Some important plot:
- Ossie's ghost boyfriend "[leaves her] at the altar" (300).
- Marrying a ghost meant commiting suicide for him.
- Kiwi gets a piloting license through his mainland job and spots Ossie off-shore, about to kill herself. He stops her. "It occurred to him that he was looking at a small noose" (301).
- I still do not fully understand the importance of Ossie's undead life, a significant part of the book.
- The ending suggest that Ossie has a hallucinogenic disease such as schizophrenia due to her long periods of time without socialization. "A psychiatrist put Ossie on a variety of helpful beekeeping-type medications... that were supposed to thin the ghostly voices in her head to a pleasant drone" (315).

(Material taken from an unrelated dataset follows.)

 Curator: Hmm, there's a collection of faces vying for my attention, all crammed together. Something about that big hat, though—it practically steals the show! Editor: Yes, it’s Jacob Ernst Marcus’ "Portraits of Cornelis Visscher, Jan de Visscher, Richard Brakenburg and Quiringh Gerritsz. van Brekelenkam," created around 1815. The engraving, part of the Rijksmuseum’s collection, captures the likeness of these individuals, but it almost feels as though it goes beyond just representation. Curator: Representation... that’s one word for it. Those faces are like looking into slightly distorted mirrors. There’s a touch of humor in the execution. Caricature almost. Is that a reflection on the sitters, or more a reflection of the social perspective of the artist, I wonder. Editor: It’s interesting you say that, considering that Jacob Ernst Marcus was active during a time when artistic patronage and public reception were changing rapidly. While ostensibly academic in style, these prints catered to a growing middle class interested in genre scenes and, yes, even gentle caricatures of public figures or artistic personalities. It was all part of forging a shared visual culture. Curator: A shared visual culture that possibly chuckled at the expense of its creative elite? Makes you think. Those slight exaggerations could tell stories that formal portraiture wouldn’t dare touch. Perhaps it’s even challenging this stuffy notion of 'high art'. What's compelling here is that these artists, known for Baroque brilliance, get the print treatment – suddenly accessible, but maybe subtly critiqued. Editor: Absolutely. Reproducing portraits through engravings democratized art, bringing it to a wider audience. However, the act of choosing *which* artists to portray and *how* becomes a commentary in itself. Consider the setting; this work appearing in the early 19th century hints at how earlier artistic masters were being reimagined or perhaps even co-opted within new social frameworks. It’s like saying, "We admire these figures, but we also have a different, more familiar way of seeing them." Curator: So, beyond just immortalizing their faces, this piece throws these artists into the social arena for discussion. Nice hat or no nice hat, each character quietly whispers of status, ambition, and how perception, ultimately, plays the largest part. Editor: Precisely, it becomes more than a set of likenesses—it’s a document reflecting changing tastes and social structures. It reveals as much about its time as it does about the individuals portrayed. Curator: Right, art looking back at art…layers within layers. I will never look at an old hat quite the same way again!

- Ava is raped by Bird Man deep in the Everglades of Florida and is found many days later by park rangers. She vows to never tell a soul. "No, I don't have to tell a soul about this" (263).
- Although a very terrible scene, I pointed out in my previous blog posts that Bird Man seemed creepy, as if foreshadowing something like this event.

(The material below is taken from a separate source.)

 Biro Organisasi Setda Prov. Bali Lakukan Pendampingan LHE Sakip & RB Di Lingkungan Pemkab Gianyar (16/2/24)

- The Chief is reunited with his children on the mainland, after Kiwi discovers his secret second casino job. "It's over" (315).
- The childrens' near death experiences remind the Chief of how much his family really means to him.
The most important passage of the novel occurs during the scene in which the family is reunited after their great split. This passage supports the theme that family will always be important and can always be brought back together.
"When my father stepped forward it didn't matter that we were nowhere near our island. All of us, the four of us- the five of us if you counted mom inside us- we were home. We were a family again, a love that made the roomiest privacy that I have ever occupied" (312).
As the book continually alternates chapters between the lives of Kiwi and Ava, it becomes evident that neither one can keep the family out of their thoughts for too long.
Ladies and gentlemen, I give you the meaning of Swamplandia! as a whole.